As physicians who work routinely with very vulnerable people, we find ourselves deeply concerned by the pressures that legalisation of PAS could impose upon our patients. We are also concerned about the specific effects on families who have lost someone through suicide (Hawton and Simkin, 2003) and their support needs.

As a consequence, the Royal Colleghe of Psychiatrists says it is deeply worried about the likely effectrs of the Assisted Dying for the Terminally Ill bill if it were to be enacted. Not only are many college memebers very concerned about the ethics of PAS in general, but they are also extremely concerned about the effect in particular on other patients of doctor-assisted suicide becoming part of the role of a psychiatrist.

If the Bill were enacted, The Royal College of Psychiatrists would strongly recommend the availability of effective concerned psychiatric physicians who will see people who have to face the problem of a potentially painful death or one in which quality of life is judged to be extremely low. The college supports the availability of high quality palliative care and recommends that such teams should have a psychiatrist available to assist, recognising the extent of co-morbid physical and mental illness at the end of life.

The college is very concerned that if this legislation were enacted, it would become impossible to restrict it to people with a limited life expectancy.

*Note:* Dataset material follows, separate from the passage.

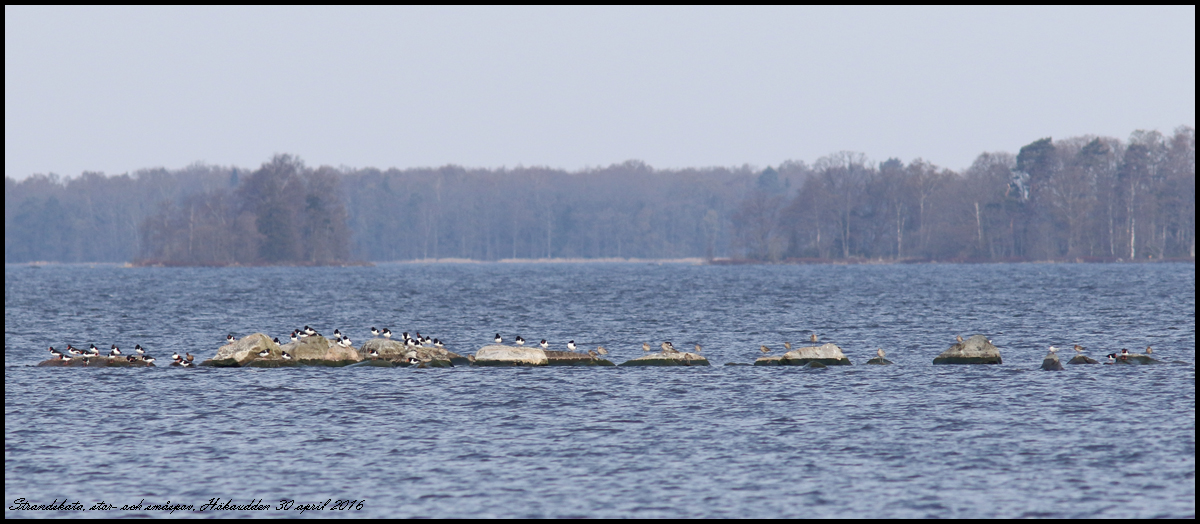 På stenarna fanns strandskator, stor- och småspov och ett skedandspar. |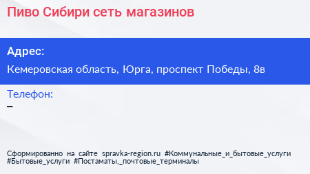 Пиво Сибири, сеть магазинов по адресу Кемеровская область, Юрга, проспект Победы, 8в в дальнейшем Организация, размещена в следующих категориях:

It is also very concerned about the effect of physician assisted suicide on families, and suggest that support for families of identified patients may be needed for a lengthy period.

If PAS were enacted, there should be at least two independent assessments, as for other serious decisions under legislation. Since suicidality fluctuates, the assessments should first trigger expert psychiatric advice on treatment of depression, and there should be two specialist assessments, spaced, for example, at least two months apart with offers of treatment for both depression and pain, so that there is time for the suicidal ideation to abate - since the ending of life is irrevocable.